Training-Free Multimodal Deepfake Detection via Graph Reasoning

Authors: Yuxin Liu, Fei Wang, Kun Li, Yiqi Nie, Junjie Chen, Yanyan Wei, Zhangling Duan, Zhaohong Jia

Published: 2025-09-26 02:22:12+00:00

AI Summary

The paper proposes GASP-ICL, a training-free framework for multimodal deepfake detection (MDD) that enhances Large Vision-Language Models (LVLMs) via graph reasoning and in-context learning. It addresses the challenges of capturing subtle forgery cues and resolving cross-modal inconsistencies by adaptively selecting task-relevant demonstrations. GASP-ICL achieves significant performance improvements over strong baselines across various forgery types without requiring LVLM fine-tuning.

Abstract

Multimodal deepfake detection (MDD) aims to uncover manipulations across visual, textual, and auditory modalities, thereby reinforcing the reliability of modern information systems.
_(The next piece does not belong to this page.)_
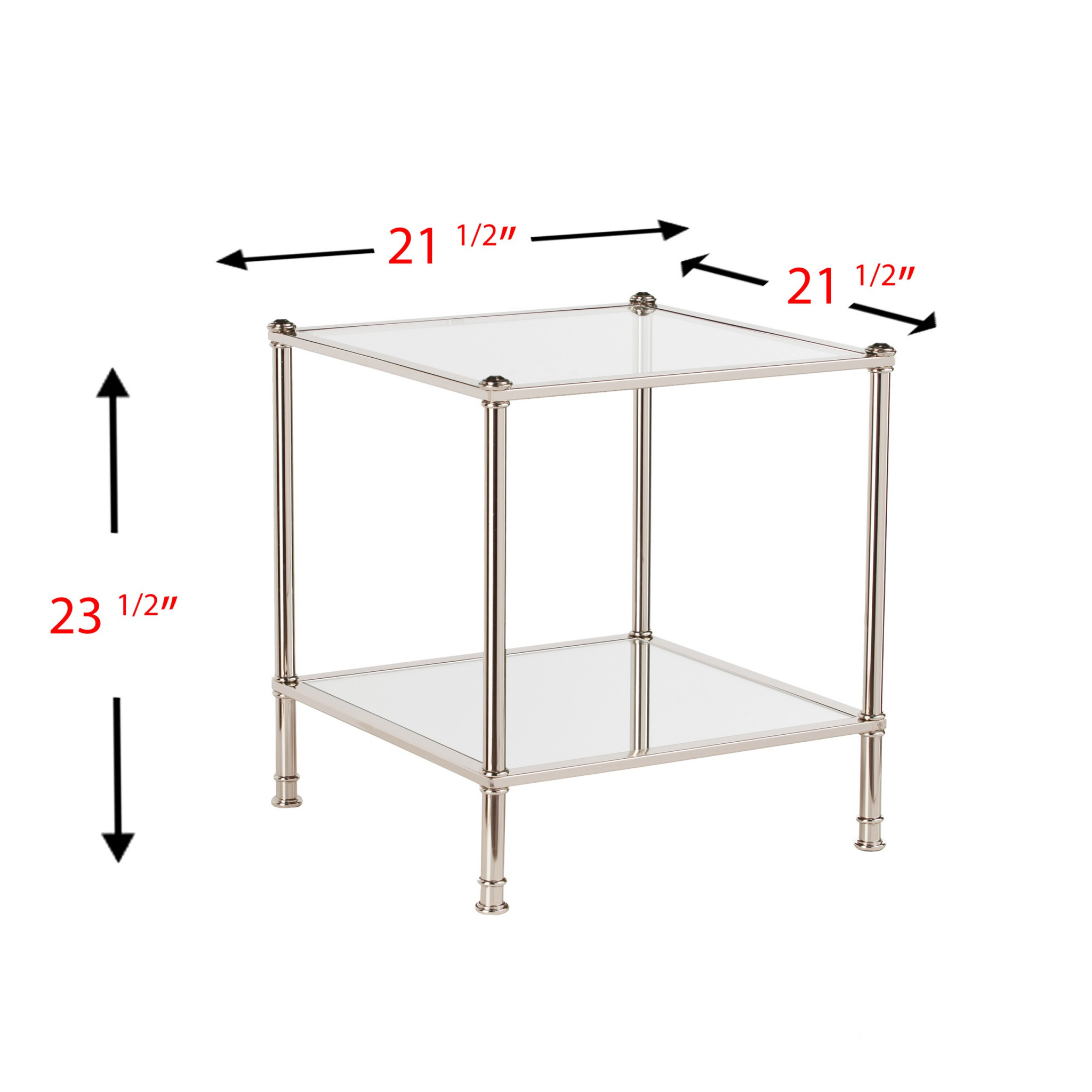 Show off your exquisite taste with this 24" silver glass and iron square mirrored end table. This marvelous end or side table is made from high quality metal. The silver coloration runs throughout this good-looking iron and glass table. Reflective pieces of mirrored glass give this table a glamorous and unique look. Side tables are a great way to flank your sofa, use as an accent next to your favorite chair, or can even be used bedside. You can match it with other pieces to get the ideal look for your place. 23.5" H x 21.5" W x 21.5" D
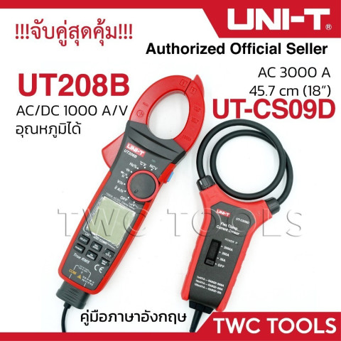 UNI-T UT-208B + UT-CS09D ชุดคู่คลิปแอมป์ True RMS 1000A/1000V พร้อมเฟล็กแคล้มป์ (Rogowski Coil) ขยายการวัดกระแสได้สูงสุด 3000A เหมาะสำหรับช่างไฟมืออาชีพ งานตู้คอนโทรล อินเวอร์เตอร์/VFD และจุดที่มีพื้นที่แคบที่คีมปกติสอดเข้าไม่ถึง มาพร้อมมาตรฐานความปลอดภัยระดับสูง CAT III 1000V / CAT IV 600V และการรับรอง CE, UKCA, cETLus

Although large vision-language models (LVLMs) exhibit strong multimodal reasoning, their effectiveness in MDD is limited by challenges in capturing subtle forgery cues, resolving cross-modal inconsistencies, and performing task-aligned retrieval. To this end, we propose Guided Adaptive Scorer and Propagation In-Context Learning (GASP-ICL), a training-free framework for MDD. GASP-ICL employs a pipeline to preserve semantic relevance while injecting task-aware knowledge into LVLMs. We leverage an MDD-adapted feature extractor to retrieve aligned image-text pairs and build a candidate set. We further design the Graph-Structured Taylor Adaptive Scorer (GSTAS) to capture cross-sample relations and propagate query-aligned signals, producing discriminative exemplars. This enables precise selection of semantically aligned, task-relevant demonstrations, enhancing LVLMs for robust MDD. Experiments on four forgery types show that GASP-ICL surpasses strong baselines, delivering gains without LVLM fine-tuning.


Key findings
GASP-ICL consistently improves MDD performance across seven diverse Large Vision-Language Models and four forgery types, achieving significant gains without requiring LVLM fine-tuning. Task-specific CLIP adaptation substantially enhances cross-modal alignment and improves sensitivity to subtle manipulations. A three-shot setting for in-context learning and an optimal propagation range factor (α=0.4) for GSTAS yielded the best performance.
Approach
GASP-ICL is a training-free framework that enhances LVLMs for MDD by constructing discriminative contexts through a structured exemplar selection pipeline. It first uses an MDD-adapted feature extractor (fine-tuned CLIP) to retrieve semantically aligned image-text pairs. Then, a Graph-Structured Taylor Adaptive Scorer (GSTAS) refines these candidates by modeling cross-sample relations and propagating query-aligned signals, providing highly discriminative exemplars for LVLM in-context learning.
Datasets
DGM4
Model(s)
Large Vision-Language Models (LVLMs) such as Qwen2.5-VL-7B, InternVL3-8B, Gemma-3-12B, LlaVa-v1.6-7B, Janus-Pro-7B, Owl2.1-7B, and Kimi-VL-16B. CLIP encoders (fine-tuned on DGM4) are used as feature extractors.
Author countries
China